Experiments carried out on over ten deep neural network models revealed TIMELY as having 18 times more efficient in terms of energy and having delivery exceeding the computational density of the best ReRAM PIM accelerator by a factor of more than 30. TIMELY meets such remarkable performance standards by eliminating the main factors contributing to decreased efficiency resulting from recurrent access to the main memory to manage intermediate input and output and interfacing between local and central memories.
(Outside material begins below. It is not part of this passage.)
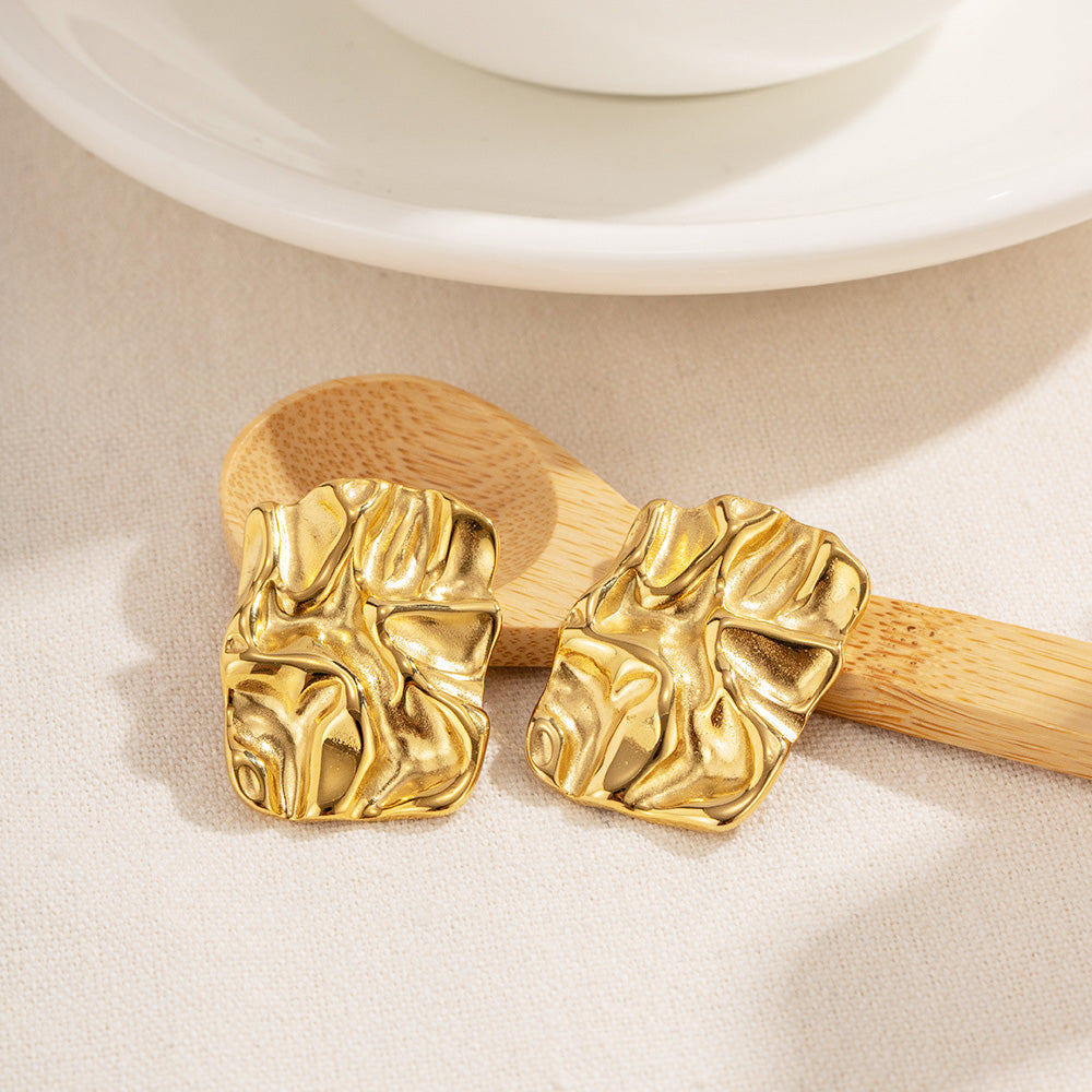 - Product Name: Stainless Steel Chunky Texture Rectangle Stud Earrings

Memory is stored in a digital format in the main memory but must undergo a conversion to analog when introduced into the local memory to process in-memory. Previous ReRAM PIM accelerators have resultant values that transform analog to digital. Then they are returned to the main memory.
TIMELY eliminates overhead payments for unrequited access to the main memory and data conversions that are interfacing by using analog buffers in the local memory. Efficiency is improved significantly as TIMELY stores needed data in local memory arrays.
The group had a second proposal at the same event, which was for SmartExchange. It is a design that amalgamated algorithmic and accelerator hardware innovations for energy saving.
Lin illustrates that 200 times more energy is required to access the main memory (DRAM) than to process a computation. The main idea behind SmartExchange is compelling structures in the algorithm that permit the trade of high-cost memory for calculation which has a much lower cost.
Researchers utilized the SmartExchange algorithm in conjunction with their conventional hardware accelerator to investigate seven benchmark models in the deep neural network and three benchmark datasets. The result was 19 times more latency reduction than in state-of-the-art deep neural network accelerators.